Cluster lifecycle / Octavia

================================================================================

D-039 -- app-cred roles (load-balancer_member) / Octavia 403 (phase-08)

  • Symptom: cluster create or delete wedges; CAPO gets 403 querying the Octavia LB.
  • Cause: the Magnum-minted application credential lacks load-balancer_member (a pre-D-039 frozen app-cred cannot query Octavia to confirm LB state).
  • Fix: ensure the service path mints app-creds carrying load-balancer_member (+ member, reader). Verify before acceptance (phase-08 prereqs).

stuck-delete -- wedged CAPI cluster delete (phase-08)

  • Symptom: cluster stuck DELETE_IN_PROGRESS; helm release already gone; Cluster and OpenStackCluster CRs stuck Deleting (often on an Octavia 403, see D-039).
  • Recovery: clear the OpenStackCluster finalizer on the mgmt cluster -- kubectl -n <magnum-ns> patch openstackcluster <cluster>-<suffix> --type=merge -p '{"metadata":{"finalizers":[]}}'. The Cluster finalizer was only waiting on it, so the Cluster auto-finalizes and deletes. Then manually clean orphaned neutron resources in dependency order: router remove subnet -> router unset external-gateway -> router delete -> subnet delete -> network delete -> security group delete.
  • Name-guard (FINDING-4): NEVER patch/delete a CR by an inferred name. The OpenStackCluster is named <cluster>-<CAPI-suffix> where the suffix is random per create (NOT the Magnum cluster name). LIST first -- kubectl -n <magnum-ns> get openstackcluster -- and operate on the EXACT name returned. The magnum-ns is magnum-<project-id> (resolve the project id; never hardcode). A wrong-name patch silently no-ops and the delete stays wedged.

LB-failover -- LB stuck provisioning_status=ERROR after a host event (phase-08)
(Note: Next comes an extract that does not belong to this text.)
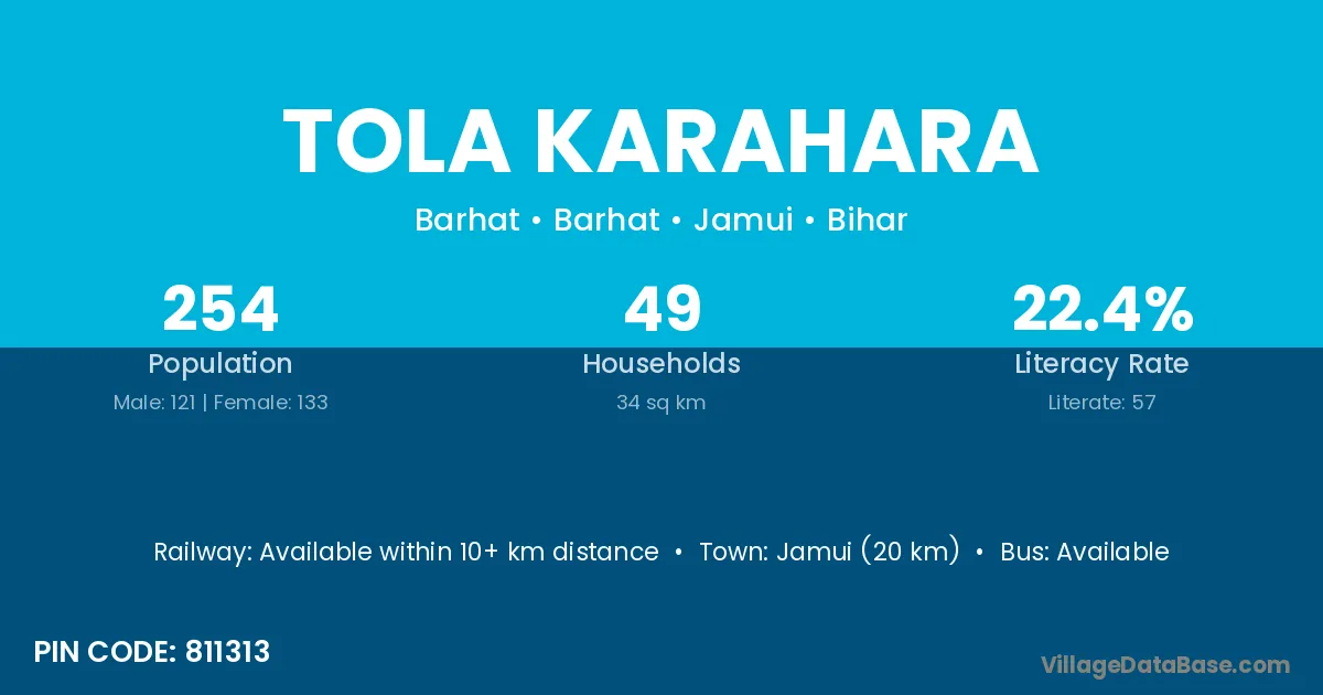 Jamui (20 km) is the nearest town to Tola Karahara village for major economic activities and is located approximately 20 km away.

  • Symptom: the kube-api Octavia LB shows operating_status ONLINE but provisioning_status ERROR after a host outage/OOM.
  • Cause: a control-plane op on the amphora failed during the outage.
  • Fix: openstack loadbalancer failover <lb-id> in ADMIN-project scope (amphora / failover ops 403 under tenant member scope). Watch ERROR -> PENDING_UPDATE -> ACTIVE (~100s); a single STANDALONE amphora gives a brief blip; operating_status holds ONLINE.
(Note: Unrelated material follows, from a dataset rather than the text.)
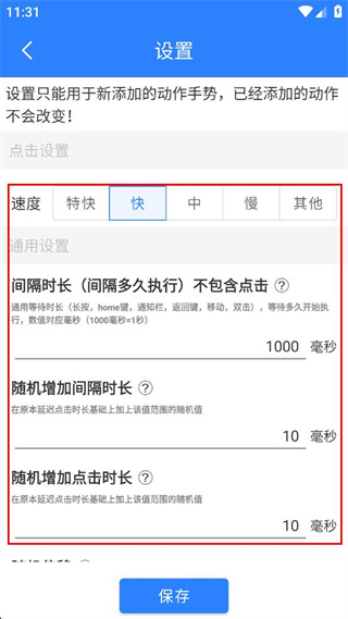 4、在详细设置界面选择点击速度为快,调整间隔时长等参数后,点击保存完成设置。

uninitialized-taint -- workload addons Pending (phase-08)

  • Symptom: new workload nodes are kubelet-Ready but addon pods (metrics-server, node-feature-discovery, etc.) stay Pending; nodes carry node.cluster.x-k8s.io/uninitialized.
  • Cause: that taint is removed by the CAPI machine controller on the MANAGEMENT cluster. If the mgmt cluster is down (see D-041), the taint persists.
  • Fix: restore the mgmt cluster API; CAPI then removes the taint and addons schedule.

CNI-label / DOCFIX-032 -- network_driver under driver 1.4.0; pin calico explicitly (phase-08)
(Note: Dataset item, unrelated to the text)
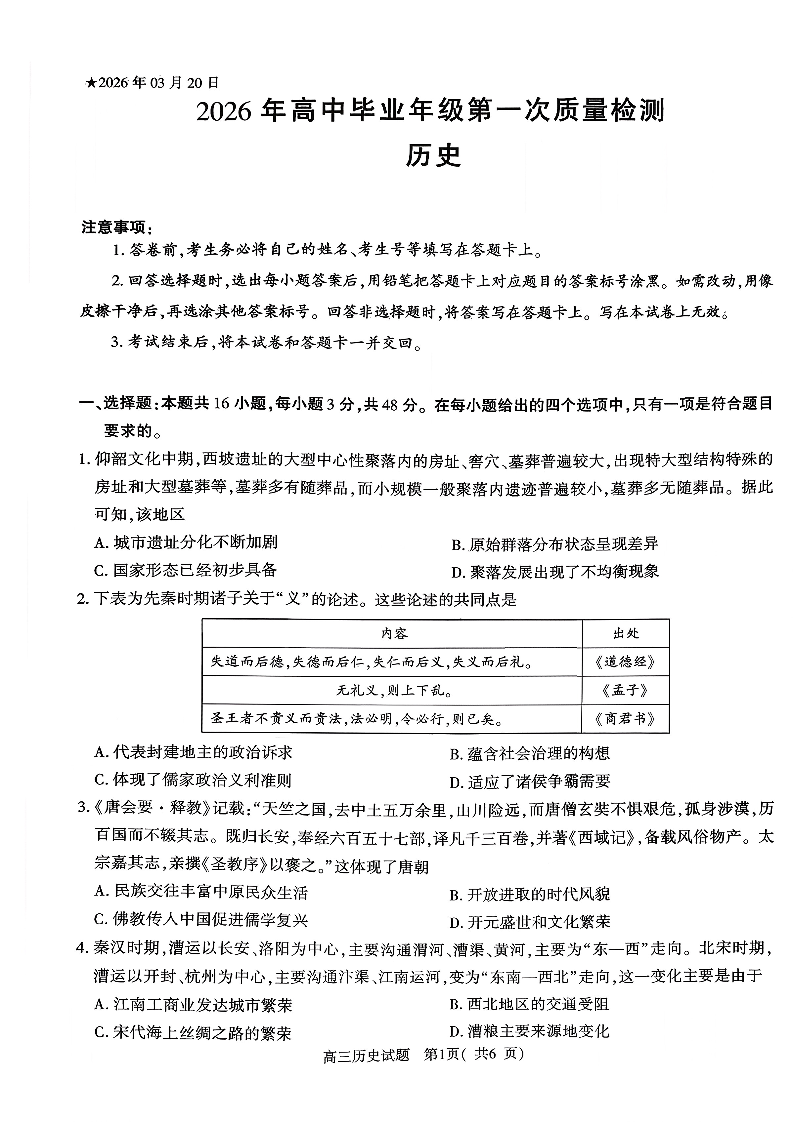河南省五市2026年高三年级一模考试 历史.pdf

  • Note: under the as-FIRST-built driver 1.3.0 the legacy Magnum network_driver label was IGNORED and the capi-helm openstack-cluster chart's default CNI (Calico) always ran. Under the RELEASED 1.4.0 driver the network_driver template option IS honored (it maps through to the chart network_driver).
  • DOCFIX-032: pin --network-driver calico EXPLICITLY on the capi-k8s-v1-34 template (phase-08) rather than relying on the default staying Calico. Chart 0.25.1 ships ONLY Calico (flannel is not packaged), so flannel there would fail to converge -- do not set it. (Mgmt cluster CNI is separately Cilium, via k8s-snap.)

================================================================================

Hyperconverged host / mgmt-VM resilience

================================================================================

D-040 -- host OOM from low reserved-host-memory (phase-08)

  • Symptom: guests OOM-killed; a compute host may even present in Juju as State=down (heavy swap thrash stalls OVS/OVN heartbeats and the machine agent).
  • Cause: reserved-host-memory default 512 MB does not cover the co-located LXD/Ceph/MySQL services on these hyperconverged hosts -> nova over-commits real RAM.
  • Fix: reserved-host-memory = 8192 on all compute units (baked into the hardened bundle). Diagnose a suspected OOM-vs-reboot with who -b / uptime (no recent boot) and journalctl -k | grep -i oom; the ovsdb "no response to inactivity probe ... disconnecting" storm is the swap-thrash signature.

D-041 -- single-node mgmt cluster does not self-heal (phase-08)

  • Symptom: after a host event the mgmt VM (capi-mgmt-v2) is SHUTOFF; FIP unreachable; magnum cannot reach the mgmt API; workload addons go Pending (see uninitialized-taint).
  • Cause: the D-035 single-node mgmt cluster is a SPOF with no MachineHealthCheck (unlike the workload cluster).
  • Fix: openstack server start capi-mgmt-v2 (API serves ~40s later; a brief TLS handshake timeout on the first kubectl is expected). Follow-up: HA mgmt cluster for Roosevelt.

juju-macaroon -- "cannot get discharge ... EOF" (phase-07, phase-08)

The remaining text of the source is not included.